5. The present system of castes cannot, in fact, be dated before the time of Manu’s “Institutes” which “was originally a local code, embodying rules and precepts, perhaps by different authors, some of whom may have lived in the 5th Century B.C., others in the 2nd Century B.C., and others even later. It was at first current among a particular tribe of Brâhmans, called Mânavas, who probably occupied part of the North-Western regions between the rivers Sâraswati and Drishadvati, but afterwards became generally adopted.” [6]

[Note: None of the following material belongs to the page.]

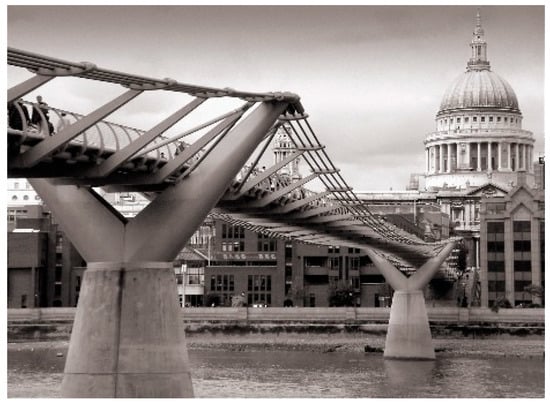 - Dallard, P.; Fitzpatrick, A.J.; Flint, A.; le Bourva, S.; Low, A.; Smith, R.M.R.; Willford, M. The London Millennium Footbridge. Struct. Eng. 2001, 79, 17–35. [Google Scholar]

6. As to the effect of these laws it may be well again to quote Professor Max Müller. [7] “After the victorious return of the Brâhmans the old laws of caste were re-enacted more vigorously than ever, and the Brâhmans became again what they had been before the rise of Buddhism, the terrestrial gods of India. A change, however, had come over the system of caste. Though the laws of Manu still spoke of four castes—of Brâhmans, Kshatriyas, Vaisyas and Sûdras—the social confusion during the long reign of Buddhism had left but one broad distinction: on the one hand the pure caste of the Brâhmans: on the other the mixed and impure castes of the people. In many places the pure castes of the Kshatriyas and Vaisyas had become extinct, and those who could not prove their Brâhmanic descent were all classed together as Sûdras. At present we should look in vain for pure Kshatriyas or Vaisyas in India, and the families which still claim these titles would find it difficult to produce their pedigree, nay, there are few who could lay claim to the pure blood of the Sûdra. Low as the Sûdra stood in the system of Manu, he stood higher than most of the mixed castes, the Varnasankaras. The son of a Sûdra by a Sûdra woman is purer than the son of a Sûdra by a woman of the highest caste (Manu, X., 30). Manu calls the Chandâla one of the lowest outcastes, because he is the son of a Sûdra father and a Brâhmanic mother. He evidently considered the mésalliance of a woman more degrading than that of a man. For the son of a Brâhman father and a Sûdra mother may in the seventh generation raise his father to the highest caste (Manu, X., 64), while the son of a Sûdra father and a Brâhman mother belongs for ever to the Chandâlas.”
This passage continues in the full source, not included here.